> _PROMPT_
Shown below is a listing with pictures; reproduce exactly, and only, the lines between the ones containing "Коробка Сердце из" and "Here the elementary", inclusive, leaving the pictures out.

> _RECORD SET_
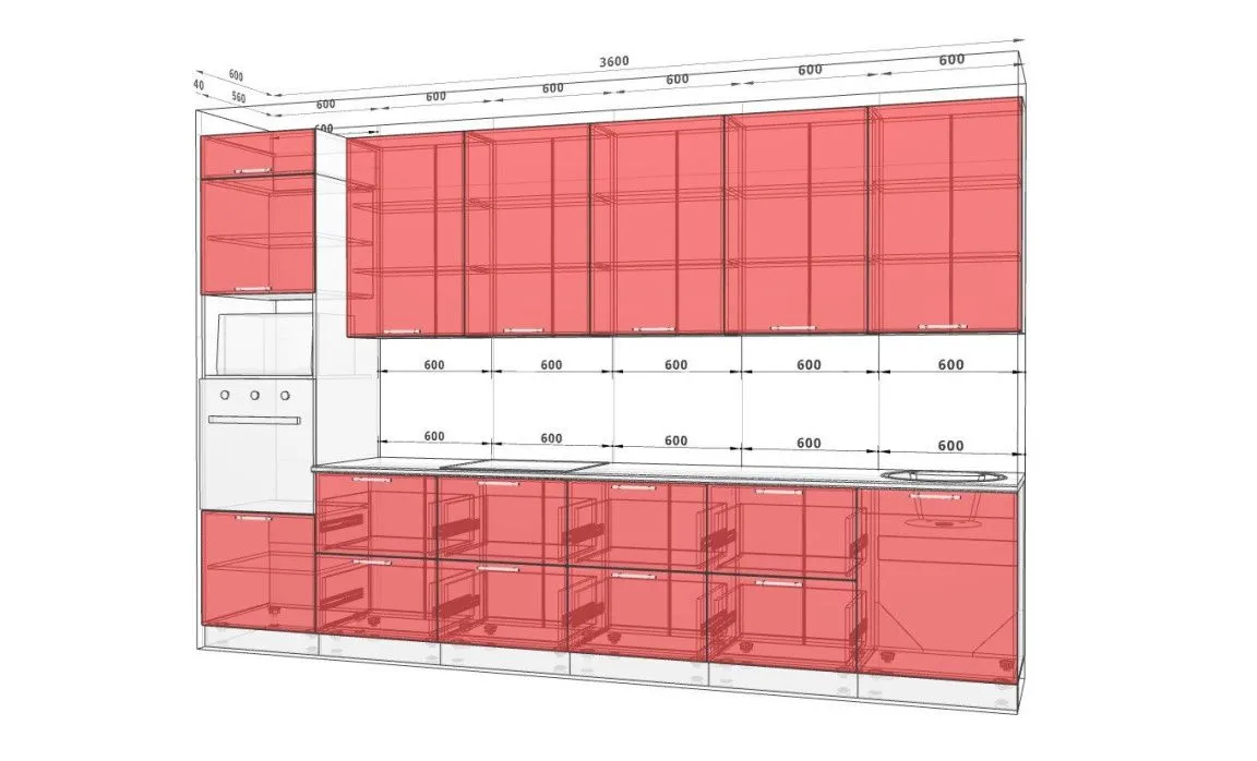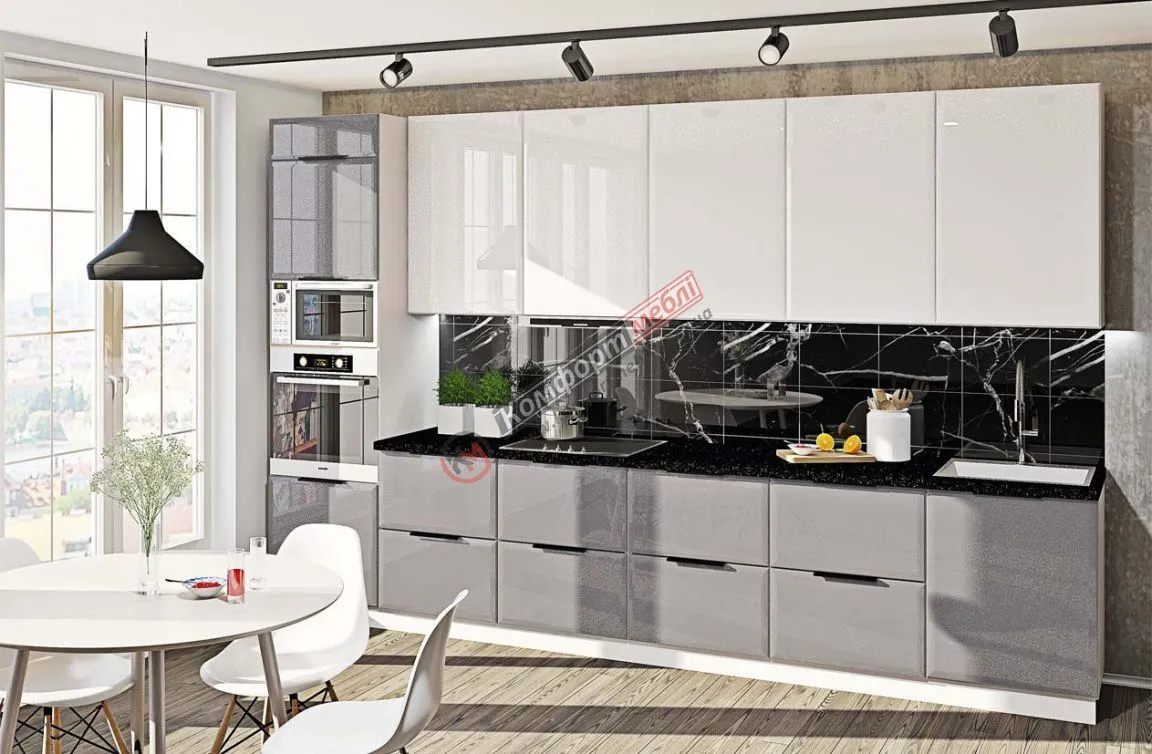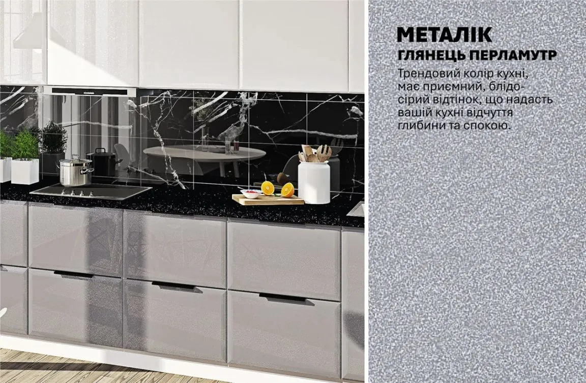 Модульная кухня Хай-тек 3,6м Белый, Металлик
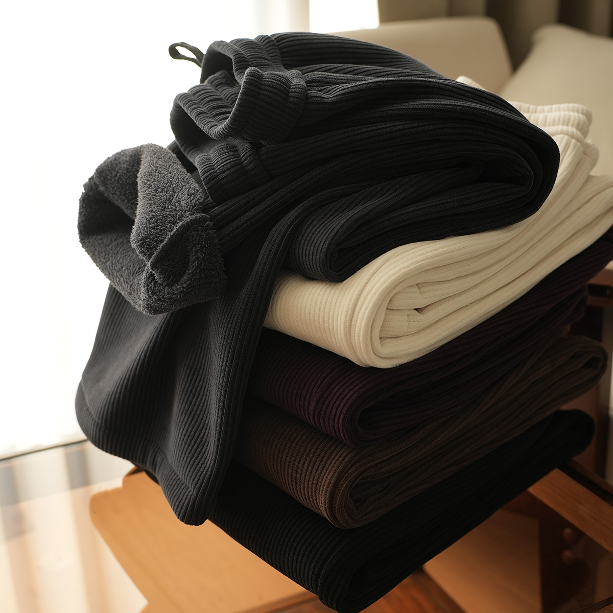 162cm以上身高穿 一体绒 女士坑条加绒直筒裤显瘦长裤秋冬款 女装
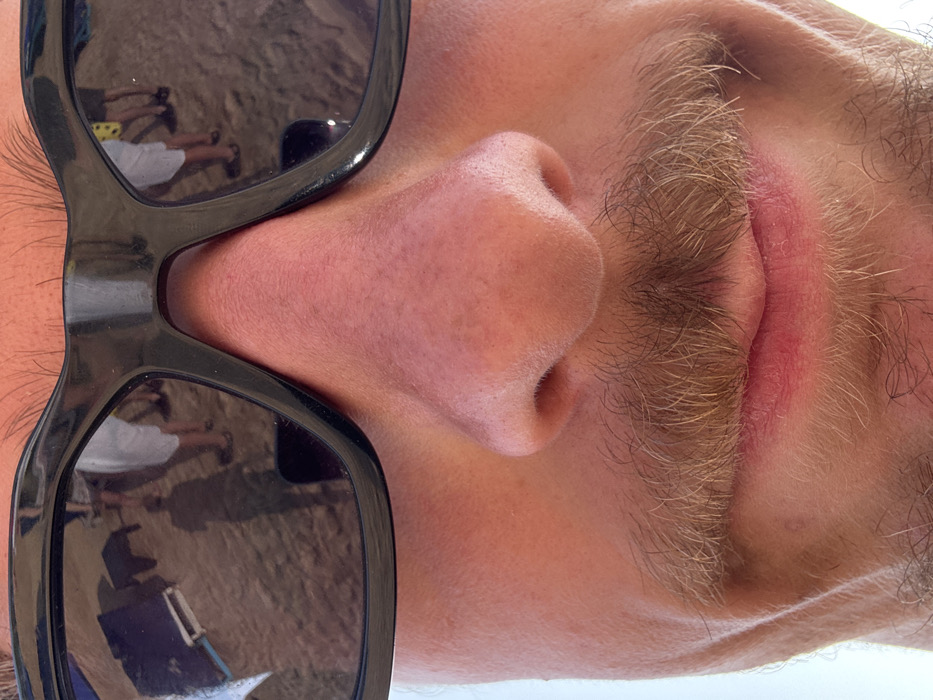- "The image displays a close-up, upward-angled view of an adult male's face, encompassing his forehead, dark-framed sunglasses, nose, and mouth area with a light-colored mustache and stubble" by FM-reQ1G2, licensed under CC BY 4.0
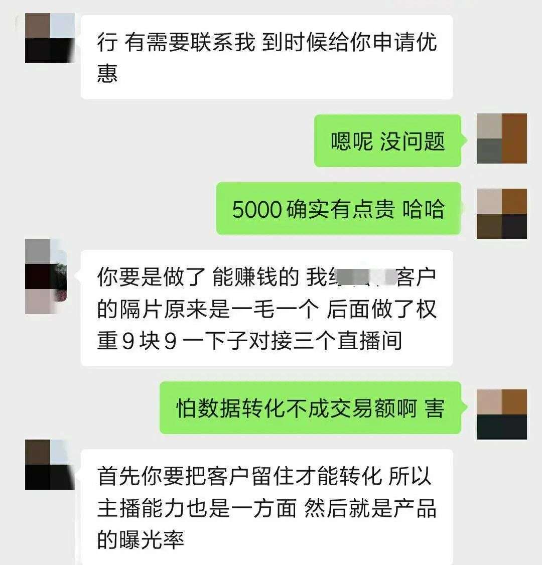 除此之外,5000/周的公司还给我分享了他们的成功案例:某客户在购买了提升权重服务后,一下子对接了三个直播间,隔片价格也暴涨。
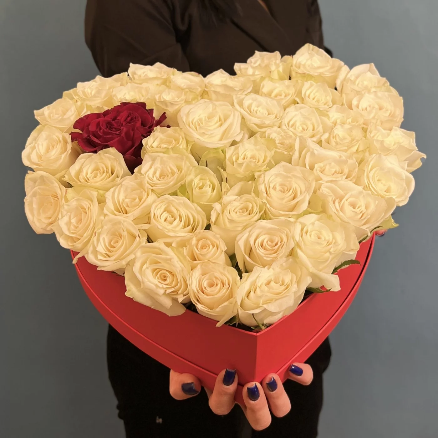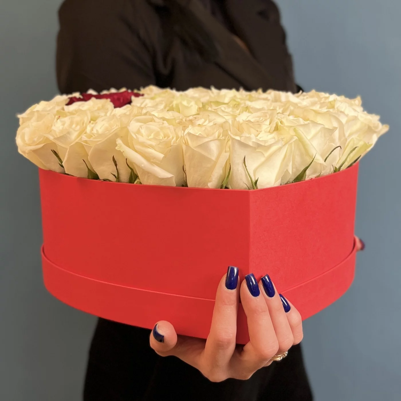 Коробка Сердце из Роз — это элегантная и романтичная композиция, в которой главную роль играют свежие розы, аккуратно уложенные в коробку в форме сердца. Этот букет станет прекрасным подарком для выражения любви и восхищения.
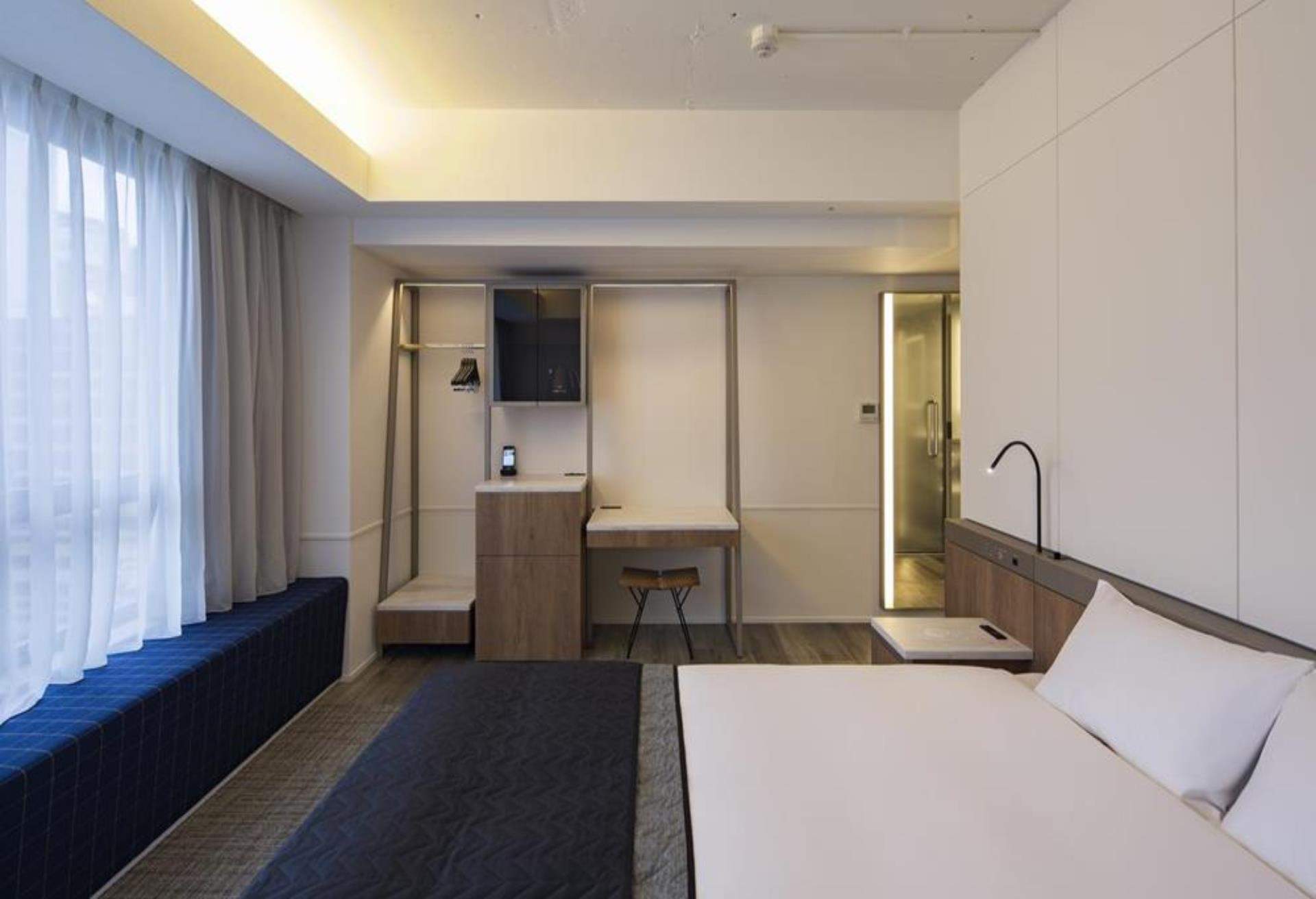 「心齋橋旗幟酒店」特色: 新穎、充滿設計感與新潮品味的心齋橋旗幟酒店就坐落在齋橋商店街旁,從一進門就能感到一股氣宇非凡的裝潢質感。寬闊的迎賓大廳與接待櫃檯上有會中文的服務人員,一旁則是配置了閃爍溫暖爐火的休息區,同時供應著免費的現磨咖啡,還沒入房就有被款待的貼心感。為因應不同旅遊型態,心齋橋旗幟酒店規劃了多種房型格局,豪華房型強調寬闊的獨享空間,而標準房型再依單床、雙床、三人房及精緻客房來分配,均比日本普遍飯店來得寬大舒適,而裡頭則為簡約設計與充裕的貼心備品。
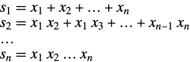 Here the elementary symmetric polynomials in the symmetric part are replaced with variables
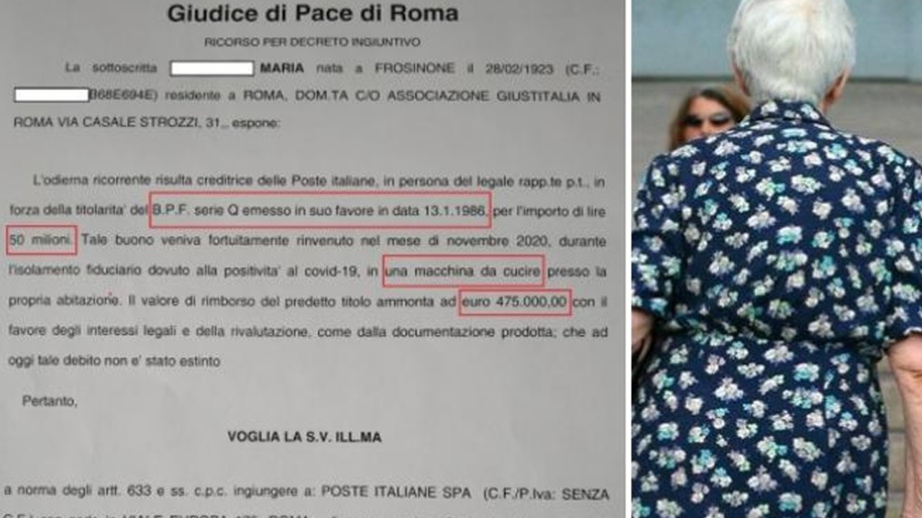 La vicenda è diventata di dominio pubblico perché, quando i familiari della donna si sono presentati in Posta per riscuotere il malloppo, hanno scoperto che i conti non tornavano: «Le Poste per quel buono fruttifero da 50 milioni di lire hanno previsto la restituzione di oltre 200mila euro, ma si tratta di un calcolo sbagliato per difetto, in quanto sono stati applicati i tassi d’interesse che si sono succeduti negli anni e non quelli scritti sul retro. Per questo siamo intervenuti noi, dopo aver calcolato la cifra esatta, pari a quasi il doppio, 475mila euro, con un ricorso per decreto ingiuntivo al giudice di pace», ha spiegato Luigi De Rossi presidente di Giustitalia, associazione che si occupa dei consumatori e della tutela dei cittadini.
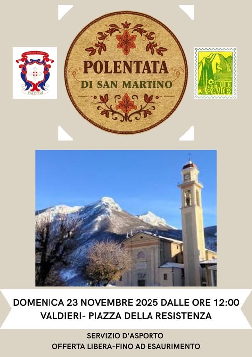 Domenica 23 novembre, a Valdieri in piazza della Resistenza, è organizzata una polentata in occasione di San Martino. Servizio d'asporto con offerta libera fino a esaurimento scorte a partire dalle ore 12. Prenotazione non necessaria.
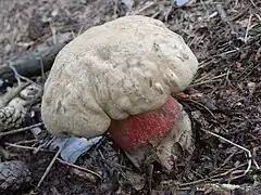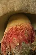 Son stipe est jaune dans la partie supérieure et rouge en dessous, mais il est parfois complètement rougeâtre. La partie supérieure est couverte d'un réseau saillant de couleur blanche[25],[27]. Il mesure 7 à 15 cm de long sur 2 à 5 cm de large. Il peut être plus épais à la base ou avoir une largeur constante[28]. Parfois, chez les champignons matures ou les spécimens récoltés depuis quelques jours, la couleur du stipe rougeâtre disparaît complètement et est remplacée par des tons ocre brun[29]. La chair jaune pâle bleuit lorsqu'elle est blessée, la décoloration s'étalant à partir de la zone endommagée[30]. Son odeur peut être forte et a été comparée à l'encre[31].
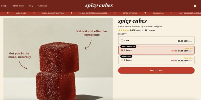 An e-commerce brand that sells bite-sized, chili-coated gummy “cubes” as a natural aphrodisiac.
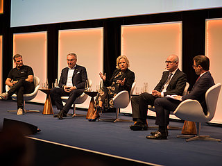 Im Anschluss nahm der Wirtschaftsforscher an der von Gros moderierten Diskussion teil. Gemeinsam mit Sandra Bindler, Vorstandsvorsitzende der Münchner Bank eG, Philipp Depiereux, CEO der etventure GmbH, und Eckhard Schwarzer, stellvertretender Vorstandsvorsitzender der Datev, diskutierten sie über die Chancen des genossenschaftlichen Geschäftsmodells in der digitalen Welt.
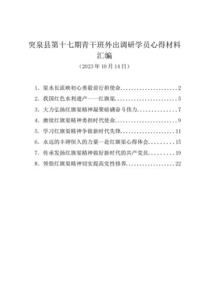 / 交流发言:20231014青干班红旗渠参观见学心得材料汇编(8篇)
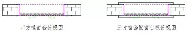 ③.四方框窗套、三方框加窗台板窗套有单、双在套线选择,一般常见为单面套线(房间窗套、阳台窗套等),窗台板厚度36—40mm,外飞角在套线外30至50毫米左右。

> _WRITTEN SOLUTION_
 Коробка Сердце из Роз — это элегантная и романтичная композиция, в которой главную роль играют свежие розы, аккуратно уложенные в коробку в форме сердца. Этот букет станет прекрасным подарком для выражения любви и восхищения.
 「心齋橋旗幟酒店」特色: 新穎、充滿設計感與新潮品味的心齋橋旗幟酒店就坐落在齋橋商店街旁,從一進門就能感到一股氣宇非凡的裝潢質感。寬闊的迎賓大廳與接待櫃檯上有會中文的服務人員,一旁則是配置了閃爍溫暖爐火的休息區,同時供應著免費的現磨咖啡,還沒入房就有被款待的貼心感。為因應不同旅遊型態,心齋橋旗幟酒店規劃了多種房型格局,豪華房型強調寬闊的獨享空間,而標準房型再依單床、雙床、三人房及精緻客房來分配,均比日本普遍飯店來得寬大舒適,而裡頭則為簡約設計與充裕的貼心備品。
 Here the elementary symmetric polynomials in the symmetric part are replaced with variables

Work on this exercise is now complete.